About Us
Microbiology Consultant
There are a number of Microbiology Consultants with much in the way of theoretical knowledge, not many of whom have spent much time lately in the trenches of day-to-day testing, evaluation and investigation of microbiology data.
MicroGuard Consulting, LLC was formed to fill the need for expertise in the field of Pharmaceutical Microbiology that comes from a long and recent immersion in the testing of raw materials, excipients, in-process materials, down-stream process intermediates and finished products for sterile and non-sterile dosage forms.
The Principal Microbiology Consultant, Robert F. Guardino, comes from a deep and varied career in Biotechnology, Microbial Diagnostics, and Pharmaceuticals. MicroGuard Consulting offers practical solutions to microbiology contamination, control and compliance issues faced by Pharmaceutical and Biotechnology Companies.
Principal Consultant Biography
Robert F. Guardino, M.S.
Principal Microbiology Consultant
MicroGuard Consulting, LLC
4837 Wedgefield Drive
Wilmington, NC 28409
(Cell) 910-616-0066
E-mail: rfg@microguardconsulting.com
Mr. Guardino is the founder and principal microbiology consultant for MicroGuard Consulting, LLC. MicroGuard exists to assist the Pharmaceutical and Biotechnology industries with microbiological compliance and contamination and control issues.
Education & Training
Prior to this role Mr.
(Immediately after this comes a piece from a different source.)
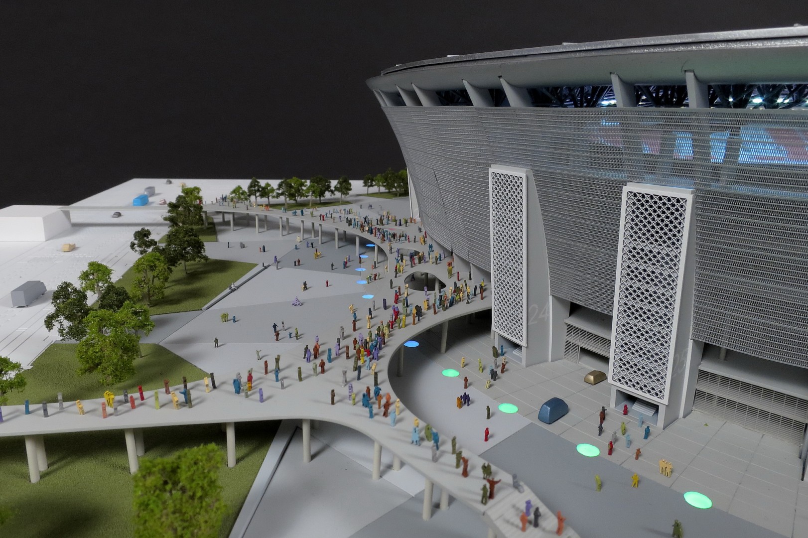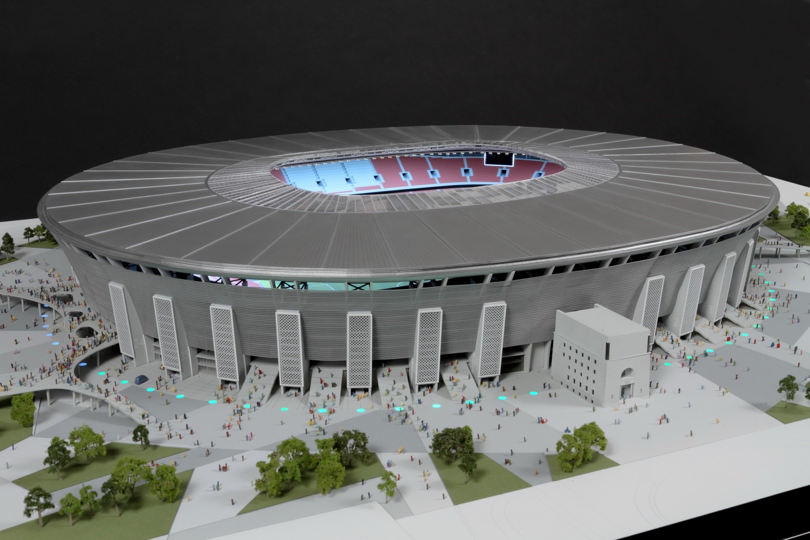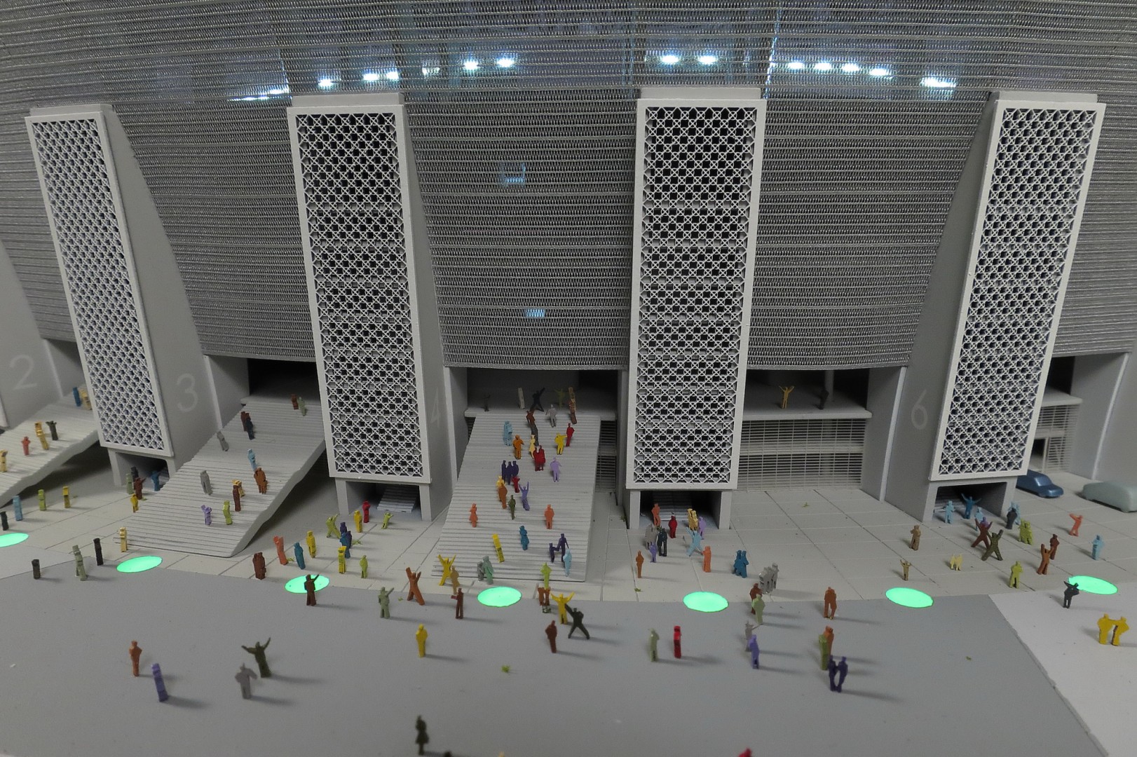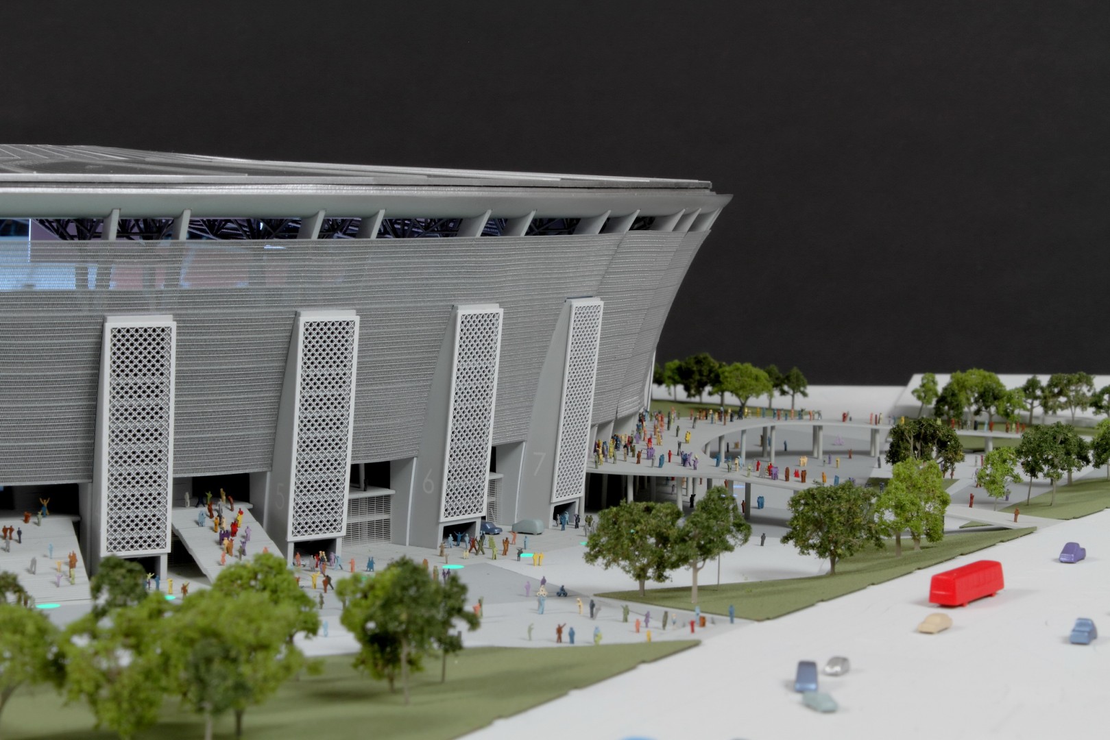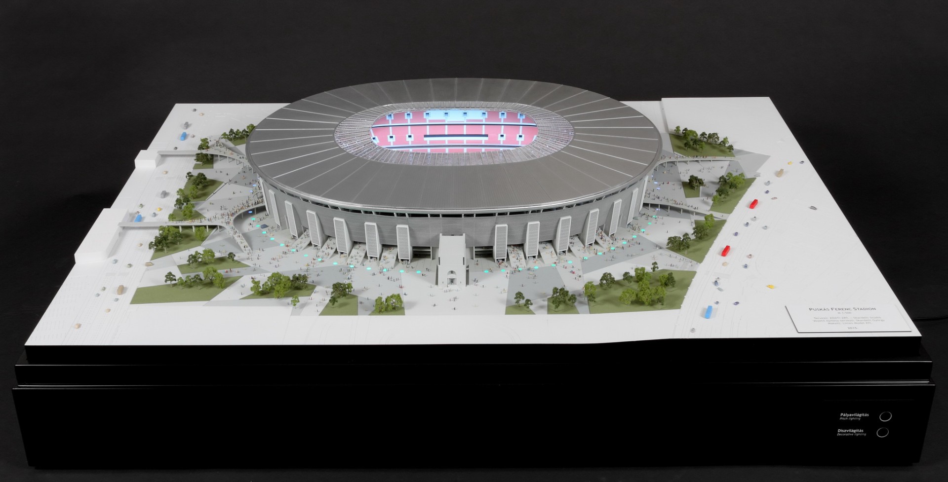A tervezés több verziót is megért, amiket a változó körülményekhez megfelelően nekünk is le kellett követni makettben. Sajnos a költségcsökkentés áldozataként már nem készül el az eredetileg legfelső szintre megálmodott fedett futópálya, de az épület jellegzetes karaktere megmaradt.

Guardino served as the Director of the Microbiology Lab for AAIPharma Services Corp. where he managed a full-service contract Microbiology Laboratory in support of the Pharmaceutical and Biotechnology industries. In this role Mr. Guardino interacted with many clients and client companies offering consulting and testing services.
After earning a Master of Science Degree from the University of Buffalo in Medical Technology with a concentration in Microbiology, he performed research in Microbiology and Biotechnology for several years and supervised an industrial microbiology lab for five years.
Mr. Guardino has also held positions as a product development / quality assurance supervisor for rapid microbial diagnostic products and as a principal scientist during the development of PCR-based diagnostic products for a JNJ Company. His Quality System / Good Manufacturing Practice Regulations experience span 20 years.
Expertise
Areas of expertise include microbial contamination and control; microbial specifications for non-sterile and sterile dosage forms; drug substance, excipient, in-process and finished product microbiological testing requirements; release and stability requirements and testing strategies; down-stream / purification process contamination and control for biotechnology products; disinfectant qualification; water system and environmental validation.
He has presented seminars and workshops domestically and internationally on the theory and practice of microbiology testing, including training for FDA CDER and CBER branches.